BEGIN SUPPLIED MATERIAL
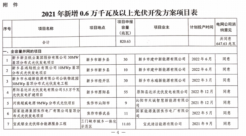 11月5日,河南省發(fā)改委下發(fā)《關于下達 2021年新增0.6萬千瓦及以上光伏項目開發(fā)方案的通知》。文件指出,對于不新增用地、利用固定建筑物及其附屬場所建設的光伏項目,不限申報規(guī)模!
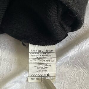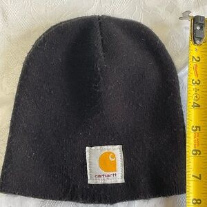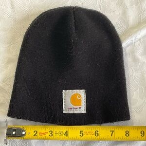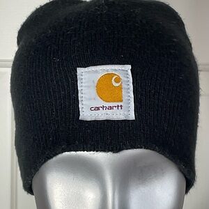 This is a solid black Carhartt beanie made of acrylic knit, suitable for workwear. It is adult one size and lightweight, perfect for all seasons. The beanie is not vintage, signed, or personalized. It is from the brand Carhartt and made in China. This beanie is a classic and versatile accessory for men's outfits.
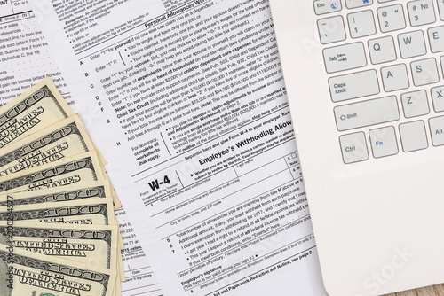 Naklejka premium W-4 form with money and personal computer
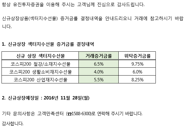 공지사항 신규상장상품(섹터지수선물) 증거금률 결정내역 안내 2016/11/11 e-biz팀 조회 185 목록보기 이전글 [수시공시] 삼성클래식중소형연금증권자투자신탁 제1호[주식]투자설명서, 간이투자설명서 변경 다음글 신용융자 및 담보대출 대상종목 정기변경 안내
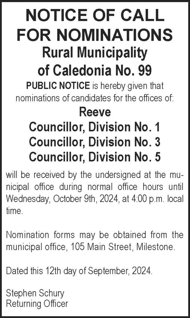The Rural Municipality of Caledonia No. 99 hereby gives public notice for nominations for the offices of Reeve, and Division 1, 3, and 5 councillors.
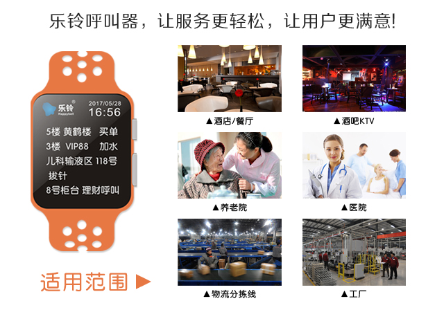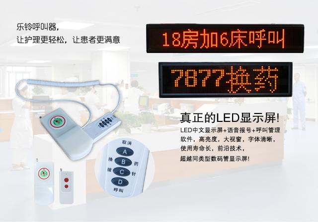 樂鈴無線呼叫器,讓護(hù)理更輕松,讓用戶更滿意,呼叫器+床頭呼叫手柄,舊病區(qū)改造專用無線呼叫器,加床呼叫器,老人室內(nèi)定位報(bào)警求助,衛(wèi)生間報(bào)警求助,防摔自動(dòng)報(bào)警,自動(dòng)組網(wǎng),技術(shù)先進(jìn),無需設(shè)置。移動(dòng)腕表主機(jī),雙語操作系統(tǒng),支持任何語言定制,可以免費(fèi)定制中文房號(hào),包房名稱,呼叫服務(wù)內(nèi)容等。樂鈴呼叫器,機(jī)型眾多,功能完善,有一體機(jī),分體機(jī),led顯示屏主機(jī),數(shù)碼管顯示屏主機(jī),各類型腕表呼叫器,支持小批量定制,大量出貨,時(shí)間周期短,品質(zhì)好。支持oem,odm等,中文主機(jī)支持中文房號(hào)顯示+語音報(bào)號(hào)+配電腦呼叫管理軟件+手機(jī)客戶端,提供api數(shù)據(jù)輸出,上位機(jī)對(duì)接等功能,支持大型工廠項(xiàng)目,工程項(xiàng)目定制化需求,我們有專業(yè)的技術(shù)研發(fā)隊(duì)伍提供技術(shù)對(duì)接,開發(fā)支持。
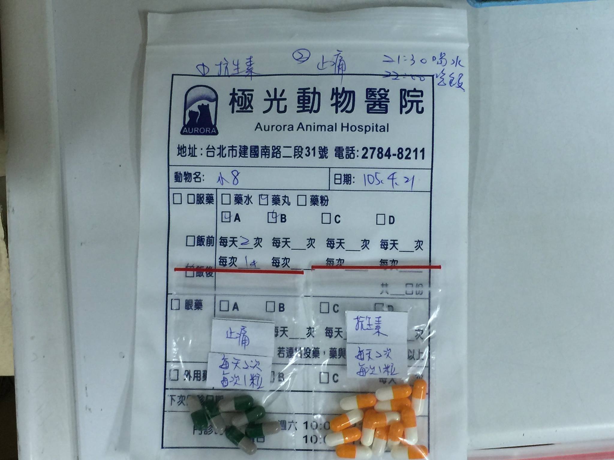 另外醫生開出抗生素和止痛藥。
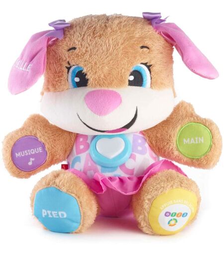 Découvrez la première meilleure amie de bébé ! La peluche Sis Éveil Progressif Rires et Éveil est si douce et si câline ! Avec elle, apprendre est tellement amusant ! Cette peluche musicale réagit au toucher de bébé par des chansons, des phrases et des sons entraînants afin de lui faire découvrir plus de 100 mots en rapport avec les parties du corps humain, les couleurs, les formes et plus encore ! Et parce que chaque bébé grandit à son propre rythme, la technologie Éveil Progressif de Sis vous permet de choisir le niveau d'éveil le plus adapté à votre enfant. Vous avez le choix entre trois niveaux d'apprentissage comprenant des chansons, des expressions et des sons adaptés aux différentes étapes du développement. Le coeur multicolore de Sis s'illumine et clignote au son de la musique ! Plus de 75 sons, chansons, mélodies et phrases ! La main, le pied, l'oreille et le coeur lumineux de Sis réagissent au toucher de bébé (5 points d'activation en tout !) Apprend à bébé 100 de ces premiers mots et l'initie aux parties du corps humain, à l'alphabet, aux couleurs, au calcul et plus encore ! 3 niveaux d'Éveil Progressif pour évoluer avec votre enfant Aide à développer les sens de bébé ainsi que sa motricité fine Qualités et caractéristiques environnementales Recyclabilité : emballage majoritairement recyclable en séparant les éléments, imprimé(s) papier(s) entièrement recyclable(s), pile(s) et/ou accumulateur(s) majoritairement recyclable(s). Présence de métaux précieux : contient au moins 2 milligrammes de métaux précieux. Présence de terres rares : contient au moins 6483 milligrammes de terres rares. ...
END SUPPLIED MATERIAL
■ WHAT YOU WILL DO
Could you transcribe exactly the entries above, but only the lines from the one with "樂鈴無線呼叫器,讓護(hù)" through the one with "另外醫生開出抗生素和止痛藥。", and without pictures?

■ REPLY TO THE EXERCISE
 樂鈴無線呼叫器,讓護(hù)理更輕松,讓用戶更滿意,呼叫器+床頭呼叫手柄,舊病區(qū)改造專用無線呼叫器,加床呼叫器,老人室內(nèi)定位報(bào)警求助,衛(wèi)生間報(bào)警求助,防摔自動(dòng)報(bào)警,自動(dòng)組網(wǎng),技術(shù)先進(jìn),無需設(shè)置。移動(dòng)腕表主機(jī),雙語操作系統(tǒng),支持任何語言定制,可以免費(fèi)定制中文房號(hào),包房名稱,呼叫服務(wù)內(nèi)容等。樂鈴呼叫器,機(jī)型眾多,功能完善,有一體機(jī),分體機(jī),led顯示屏主機(jī),數(shù)碼管顯示屏主機(jī),各類型腕表呼叫器,支持小批量定制,大量出貨,時(shí)間周期短,品質(zhì)好。支持oem,odm等,中文主機(jī)支持中文房號(hào)顯示+語音報(bào)號(hào)+配電腦呼叫管理軟件+手機(jī)客戶端,提供api數(shù)據(jù)輸出,上位機(jī)對(duì)接等功能,支持大型工廠項(xiàng)目,工程項(xiàng)目定制化需求,我們有專業(yè)的技術(shù)研發(fā)隊(duì)伍提供技術(shù)對(duì)接,開發(fā)支持。
 另外醫生開出抗生素和止痛藥。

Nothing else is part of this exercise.